=== LISTED RECORDS ===
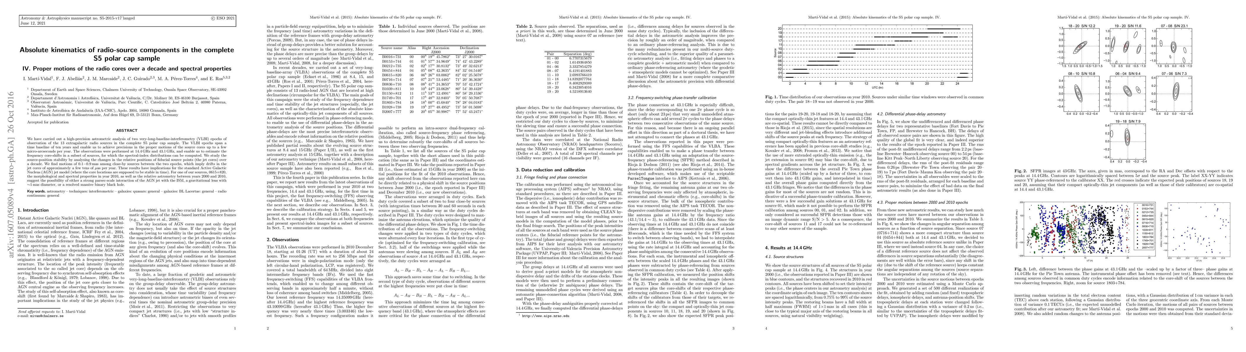 We have carried out a high-precision astrometric analysis of two very-long-baseline-interferometry (VLBI) epochs of observation of the 13 extragalactic radio sources in the complete S5 polar cap sample. The VLBI epochs span a time baseline of 10 years and enable us to achieve precisions in the proper motions of the source cores up to a few micro-arcseconds per year. The observations were performed at 14.4 GHz and 43.1 GHz, and enable us to estimate the frequency core-shifts in a subset of sources, for which the spectral-index distributions can be computed. We study the source-position stability by analysing the changes in the relative positions of fiducial source points (the jet cores) over a decade. We find motions of 0.1-0.9 mas among close-by sources between the two epochs, which imply drifts in the jet cores of approximately a few tens of micro-as per year. These results have implications for the standard Active Galactic Nucleus (AGN) jet model (where the core locations are supposed to be stable in time). For one of our sources, 0615+820, the morphological and spectral properties in year 2010, as well as the relative astrometry between years 2000 and 2010, suggest the possibility of either a strong parsec-scale interaction of the AGN jet with the ISM, a gravitational lens with ~1 mas diameter, or a resolved massive binary black hole.
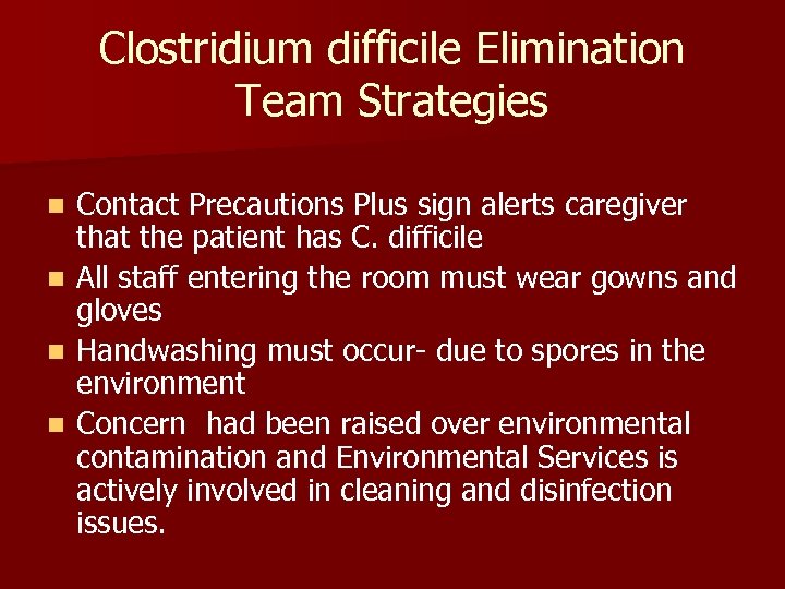 Clostridium difficile Elimination Team Strategies n As part of the team work on this issue, Environmental Services has developed specific disinfectant guidelines for Contact Precaution Plus rooms. n Education has been on-going both with clinical and environmental staff. n Environmental Services is part of the Team.
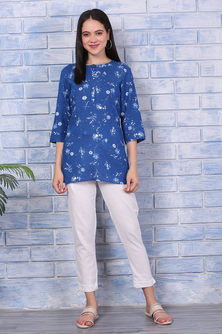 Add a touch of elegance to your everyday wardrobe with this modern printed top. Crafted from a breathable rayon flax blend, this top combines natural texture with a soft, flowy drape, perfect for all-day comfort. The soothing blue base is beautifully enhanced with floral prints, exuding charm and freshness. A standout feature is the delicate bead detailing on the neckline, adding subtle sparkle and elevating the overall look. Designed in a relaxed fit, this versatile top pairs effortlessly with denims, culottes, or straight pants — ideal for casual outings, office wear, or brunch with friends.
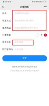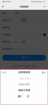 3.进入开始预约界面,依次填写“姓名、联系方式、备用电话”等个人信息,然后点击“宿舍信息”;
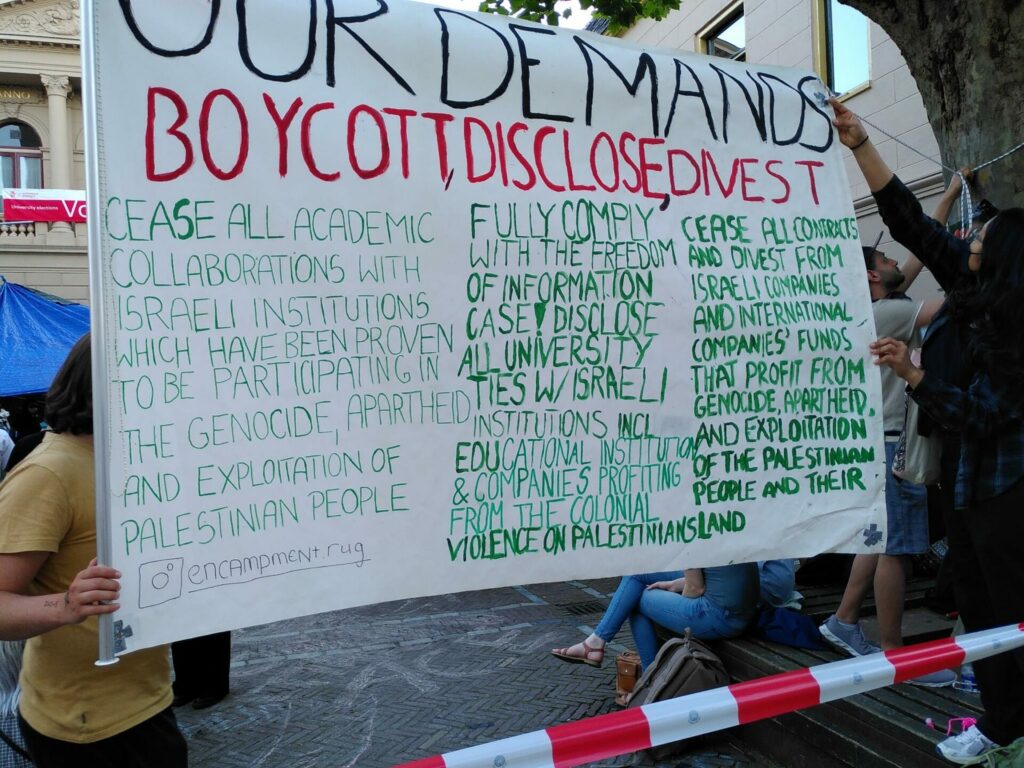 3. Na een opmerking van onvrede over het vandalisme tijdens de protesten wordt de “achterliggende vraag” wel “legitiem” genoemd. Die vraag formuleren zij zo: “hoe verhouden wij ons tot onze zusterinstellingen in gebieden waar zich een grootschalig conflict afspeelt?” Hiermee laten de universiteiten al zien waar zij politiek staan. Dit is namelijk helemaal niet de vraag. Het gaat niet over de verhouding met “zusterinstellingen in gebieden waar zich een grootschalig conflict afspeelt” maar over hun eigen medeplichtigheid bij oorlogsmisdaden.
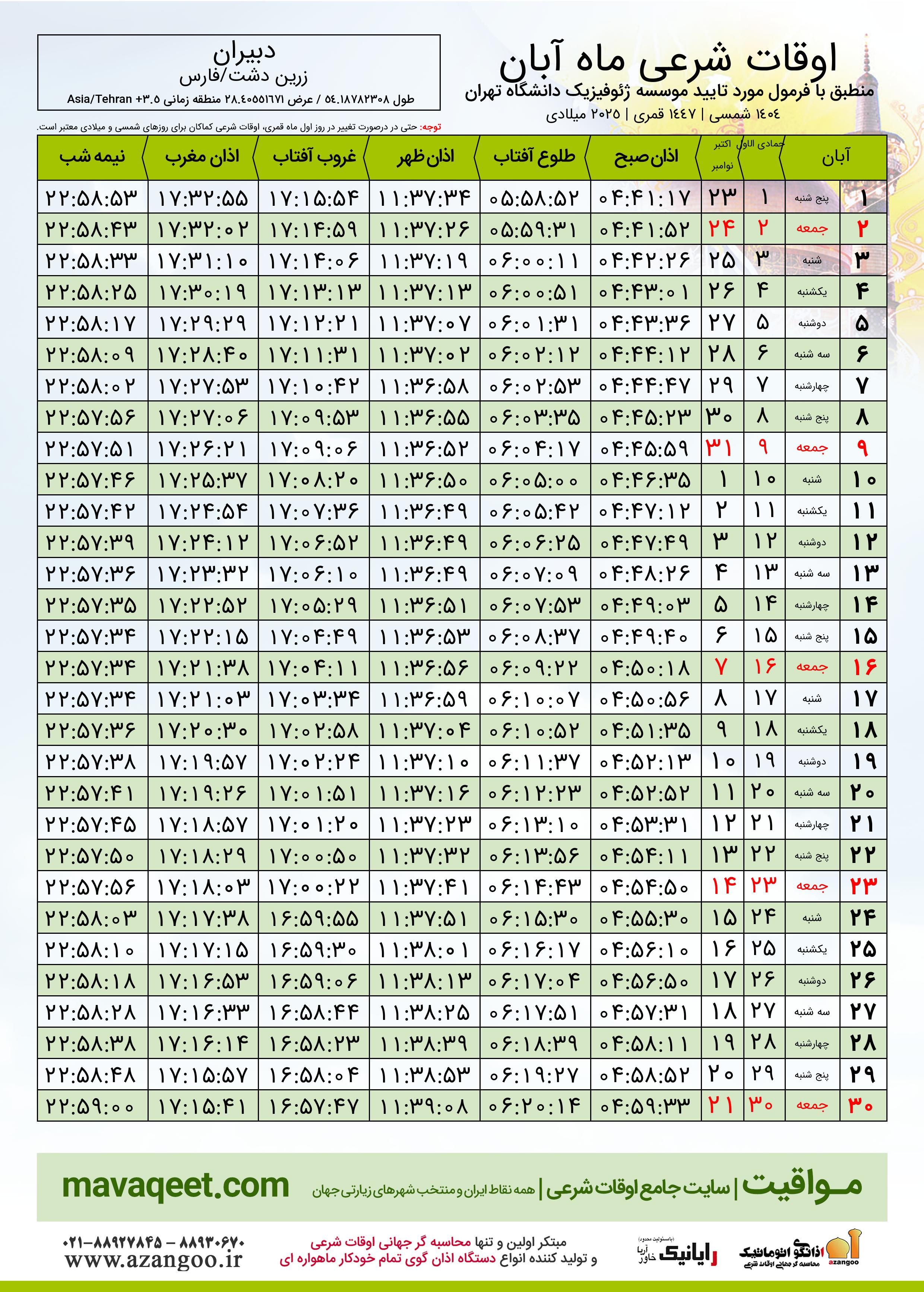 اوقات شرعی آبان ١٤٠٤ شمسی شهر دبیران

=== TASK TO COMPLETE ===
Give back the material word for word, without images.

=== WRITTEN SOLUTION ===
 We have carried out a high-precision astrometric analysis of two very-long-baseline-interferometry (VLBI) epochs of observation of the 13 extragalactic radio sources in the complete S5 polar cap sample. The VLBI epochs span a time baseline of 10 years and enable us to achieve precisions in the proper motions of the source cores up to a few micro-arcseconds per year. The observations were performed at 14.4 GHz and 43.1 GHz, and enable us to estimate the frequency core-shifts in a subset of sources, for which the spectral-index distributions can be computed. We study the source-position stability by analysing the changes in the relative positions of fiducial source points (the jet cores) over a decade. We find motions of 0.1-0.9 mas among close-by sources between the two epochs, which imply drifts in the jet cores of approximately a few tens of micro-as per year. These results have implications for the standard Active Galactic Nucleus (AGN) jet model (where the core locations are supposed to be stable in time). For one of our sources, 0615+820, the morphological and spectral properties in year 2010, as well as the relative astrometry between years 2000 and 2010, suggest the possibility of either a strong parsec-scale interaction of the AGN jet with the ISM, a gravitational lens with ~1 mas diameter, or a resolved massive binary black hole.
 Clostridium difficile Elimination Team Strategies n As part of the team work on this issue, Environmental Services has developed specific disinfectant guidelines for Contact Precaution Plus rooms. n Education has been on-going both with clinical and environmental staff. n Environmental Services is part of the Team.
 Add a touch of elegance to your everyday wardrobe with this modern printed top. Crafted from a breathable rayon flax blend, this top combines natural texture with a soft, flowy drape, perfect for all-day comfort. The soothing blue base is beautifully enhanced with floral prints, exuding charm and freshness. A standout feature is the delicate bead detailing on the neckline, adding subtle sparkle and elevating the overall look. Designed in a relaxed fit, this versatile top pairs effortlessly with denims, culottes, or straight pants — ideal for casual outings, office wear, or brunch with friends.
 3.进入开始预约界面,依次填写“姓名、联系方式、备用电话”等个人信息,然后点击“宿舍信息”;
 3. Na een opmerking van onvrede over het vandalisme tijdens de protesten wordt de “achterliggende vraag” wel “legitiem” genoemd. Die vraag formuleren zij zo: “hoe verhouden wij ons tot onze zusterinstellingen in gebieden waar zich een grootschalig conflict afspeelt?” Hiermee laten de universiteiten al zien waar zij politiek staan. Dit is namelijk helemaal niet de vraag. Het gaat niet over de verhouding met “zusterinstellingen in gebieden waar zich een grootschalig conflict afspeelt” maar over hun eigen medeplichtigheid bij oorlogsmisdaden.
 اوقات شرعی آبان ١٤٠٤ شمسی شهر دبیران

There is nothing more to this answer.